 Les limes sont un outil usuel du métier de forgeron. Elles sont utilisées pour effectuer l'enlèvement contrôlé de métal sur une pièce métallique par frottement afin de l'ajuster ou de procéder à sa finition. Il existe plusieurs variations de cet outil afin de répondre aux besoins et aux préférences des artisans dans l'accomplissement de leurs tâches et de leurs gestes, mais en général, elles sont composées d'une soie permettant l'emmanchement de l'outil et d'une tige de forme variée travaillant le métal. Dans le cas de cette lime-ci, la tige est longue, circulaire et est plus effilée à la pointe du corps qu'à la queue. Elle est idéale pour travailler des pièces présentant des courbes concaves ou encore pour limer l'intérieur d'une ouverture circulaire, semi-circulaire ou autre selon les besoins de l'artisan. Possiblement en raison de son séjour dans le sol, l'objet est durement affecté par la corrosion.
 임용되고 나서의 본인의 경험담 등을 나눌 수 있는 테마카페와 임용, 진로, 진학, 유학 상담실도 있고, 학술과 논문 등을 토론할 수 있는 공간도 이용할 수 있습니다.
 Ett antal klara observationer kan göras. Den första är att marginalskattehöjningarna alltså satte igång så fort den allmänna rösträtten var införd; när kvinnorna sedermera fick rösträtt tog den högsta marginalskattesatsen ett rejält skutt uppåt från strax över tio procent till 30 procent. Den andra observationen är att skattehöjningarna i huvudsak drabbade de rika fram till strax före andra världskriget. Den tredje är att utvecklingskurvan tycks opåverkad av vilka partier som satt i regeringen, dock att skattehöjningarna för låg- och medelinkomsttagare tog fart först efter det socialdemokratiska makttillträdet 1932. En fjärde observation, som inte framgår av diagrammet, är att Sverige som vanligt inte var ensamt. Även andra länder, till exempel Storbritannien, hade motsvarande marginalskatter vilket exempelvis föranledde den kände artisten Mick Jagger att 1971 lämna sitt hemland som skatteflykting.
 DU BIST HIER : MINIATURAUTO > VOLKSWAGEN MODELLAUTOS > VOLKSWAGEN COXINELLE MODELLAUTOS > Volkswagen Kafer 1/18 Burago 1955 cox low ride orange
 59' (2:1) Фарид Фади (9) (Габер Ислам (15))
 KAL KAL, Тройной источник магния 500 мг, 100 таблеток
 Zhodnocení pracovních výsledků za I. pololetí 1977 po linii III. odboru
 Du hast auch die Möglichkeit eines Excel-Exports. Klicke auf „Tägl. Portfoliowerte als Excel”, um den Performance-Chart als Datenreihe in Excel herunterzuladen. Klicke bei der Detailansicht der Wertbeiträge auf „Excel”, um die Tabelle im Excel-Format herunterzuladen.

INSTRUCTIONS FOR THE TASK:
Set down exactly, and only, the lines from the one containing "DU BIST HIER" through the final line of the entries above.

WRITTEN ANSWER:
 DU BIST HIER : MINIATURAUTO > VOLKSWAGEN MODELLAUTOS > VOLKSWAGEN COXINELLE MODELLAUTOS > Volkswagen Kafer 1/18 Burago 1955 cox low ride orange
 59' (2:1) Фарид Фади (9) (Габер Ислам (15))
 KAL KAL, Тройной источник магния 500 мг, 100 таблеток
 Zhodnocení pracovních výsledků za I. pololetí 1977 po linii III. odboru
 Du hast auch die Möglichkeit eines Excel-Exports. Klicke auf „Tägl. Portfoliowerte als Excel”, um den Performance-Chart als Datenreihe in Excel herunterzuladen. Klicke bei der Detailansicht der Wertbeiträge auf „Excel”, um die Tabelle im Excel-Format herunterzuladen.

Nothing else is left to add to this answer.